A latent ability composite score is then computed for each participant in the dataset; the scale is typically and arbitrarily anchored to a mean of 0 and variance of 1. The latent ability composite score can be validated by comparing it with constituent cognitive test scores or other relevant data with respect to strength of association with markers of cognition or disease (e.g., imaging or other biomarkers) or ability to detect change over time. This approach has proven valuable for dementia research^63,64 but it has not yet been applied to TBI.

The primary advantages of a latent ability composite are that it has linear measurement properties and accounts for differences among tests in the battery with regard to precision and relationships with demographic variables. Linear measurement refers to the notion that differences between points on a test or scale are equal across the range of the scale. Linear scaling has the potential to improve precision across a wider range of cognitive ability and reduce bias in estimating changes in cognition over time.⁶⁵

When constituent cognitive tests vary in difficulty and precision (e.g., one test measures high cognitive functioning with good precision and another precisely measures low cognitive functioning), the latent ability score can measure the underlying trait well across the full range of ability. A further advantage of this approach to modeling is its ability to quantify and account for differences in test performance across demographic groups that persist after controlling for the underlying ability measured by all of the tests (differential item functioning).⁶⁶

Each test that contributes to the latent ability composite can be evaluated for differential item functioning effects; that is, systematic bias for people with certain demographic profiles. It is possible to model the direct effect of pre-injury variables (e.g., pre-morbid intelligence) on latent ability, as well as their relationship with the test scores independent of latent ability. Latent ability composite scores have been created for Alzheimer disease^63,64 but not yet for TBI.

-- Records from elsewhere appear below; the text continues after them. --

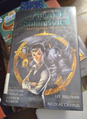 The Amulet of Samarkand The Graphic Novel is Jonathan Stroud’s novel of the same name adapted by Andrew Donkin. The Bartimaeus Trilogy (or possibly there is a fourth, as I left the sales floor after only three) is a fantasy novel (or graphic novel) where a young magicians apprentice is humiliated by another magician and decides to take a little revenge. What happens is a very mischievous and basically cruel djinni is summoned by our young wizard to be and the sparks, feathers, and magic flies. It is a stereotypical fantasy: do not give your real name, do not conquer outside your station/abilities, mystery, and intrigue. It is obvious who is good, bad and the ugly. It is a fantasy adventure of magic and things are not always what they seem or black and white. Sometimes the grey is deadly.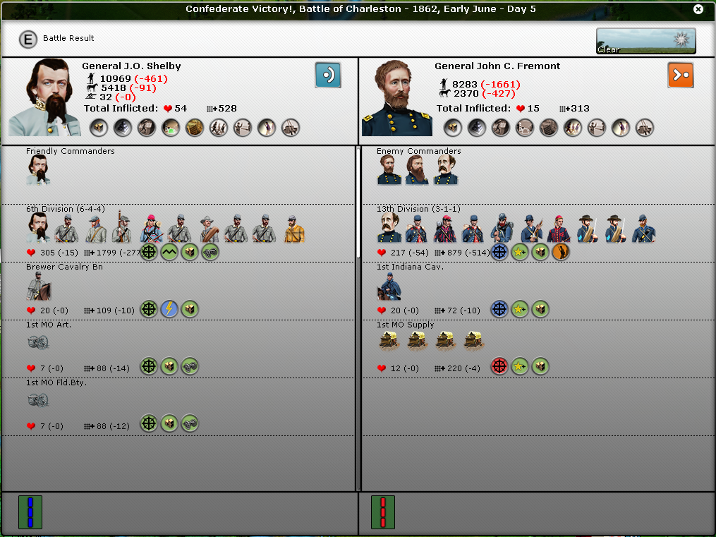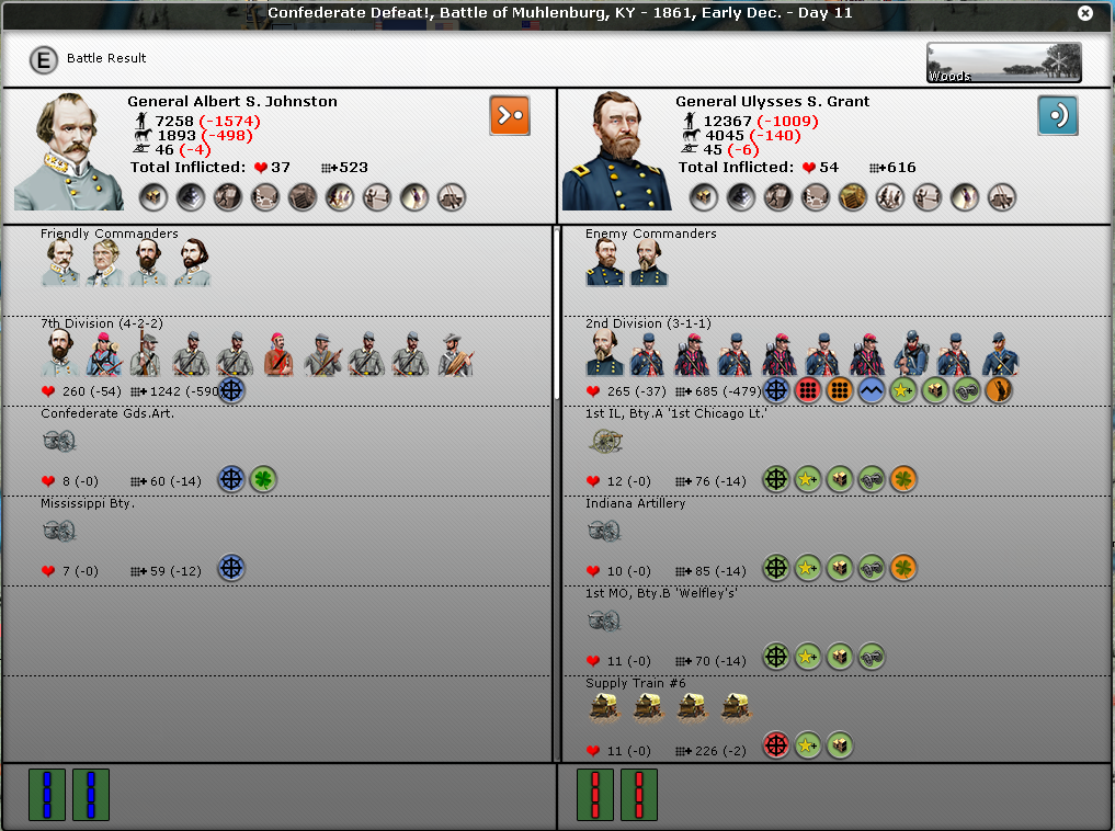 FYI, I noticed in many of your battles that you don't seem to have the intrinsic supply icon on the battle report. It's the round icon with three boxes and a green background under the troops icons. In fact, in the battle of Pensacola, Pemberton seems to have the "out of ammo" icon.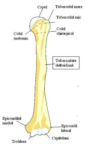 Tuberozitatea deltoidă este o regiune proeminentă a corpului humeral unde se inseră capătul distal al mușchiului deltoid.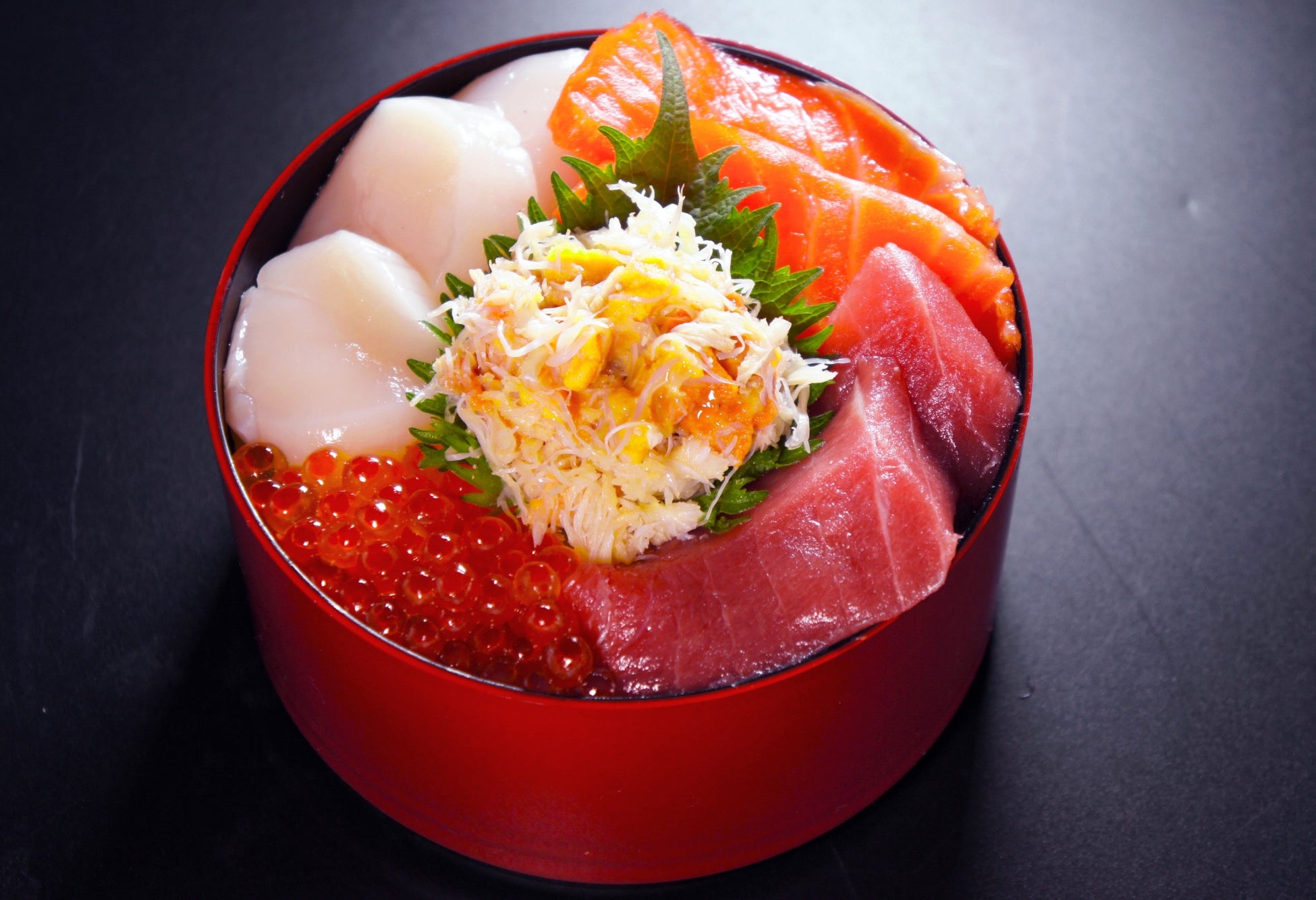生うにを和えた毛ガニのむき身をはじめ、ほたて、サーモン、いくら、中トロののったインパクト抜群な弁当です。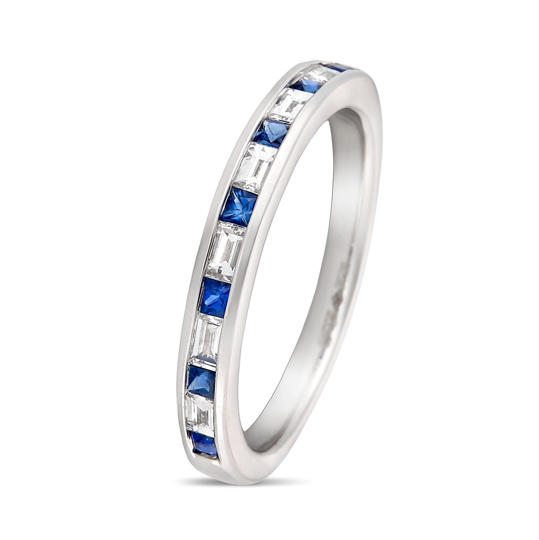 A brand-new, unused eternity ring crafted in certified platinum, this refined piece is set with seven square mixed-cut natural blue sapphires and six baguette-cut natural diamonds. The sapphires, weighing a total of 0.27ct, display a striking blue hue that symbolises depth and elegance, while the diamonds, weighing 0.33ct, are graded F–G in colour with SI1–SI2 clarity, offering crisp brilliance that contrasts beautifully against the richness of the sapphires. The combination of step-cut precision and smooth platinum gives the design a sleek and timeless character.

A third possibility is to aggregate information about the number and severity of low scores in a neuropsychological battery. This may be particularly important for TBI because the neuropathology and resulting neuropsychological deficits after TBI are heterogeneous.^67,68 As well, the pathophysiological mechanisms underlying cognitive impairment may be different during the acute versus chronic phases. Information from a neuropsychological battery should be combined in a manner that does not “wash out” individual differences. In a clinical trial, prominent treatment effects on certain tests could be averaged out by relatively stable performances in other areas.

We refer to a cognition composite score created by weighting the number and severity of low performances as a Neuropsychological Deficit Score (NDS). The NDS can be derived by assigning a pre-specified weight to the norm-referenced percentile score for each test (where greater weights are assigned as observed scores deviate farther from normative expectations), summing the weights, and then dividing the sum by the number of tests in the battery. The NDS has a legacy in neuropsychology, with the Halstead Impairment Index (circa 1955), Average Impairment Rating (circa 1970), General Neuropsychological Deficit Scale (circa 1988), and Global Deficit Scale (circa 1994).^69,70

An NDS for TBI could extend these methods by (1) creating finer gradations, because responsiveness (sensitivity to change) is a highly desirable property of clinical trial endpoints; (2) raising the ceiling, to potentially better detect impairment in patients with milder injuries and/or high pre-morbid ability; and (3) differentially weighting deficit levels informed by multivariate base rates in healthy persons. In analyzing multivariate base rates, we have previously shown^71

–75 that (1) a substantial percentage of healthy persons obtain one or more low scores when administered a battery of neuropsychological tests; (2) the more tests that are administered, the more likely it is for a healthy person to obtain a low score; and (3) there are differences in the prevalence of low scores in healthy persons associated with level of education, race, and level of intellectual ability. Therefore, these factors need to be considered in the development of an algorithm for the NDS.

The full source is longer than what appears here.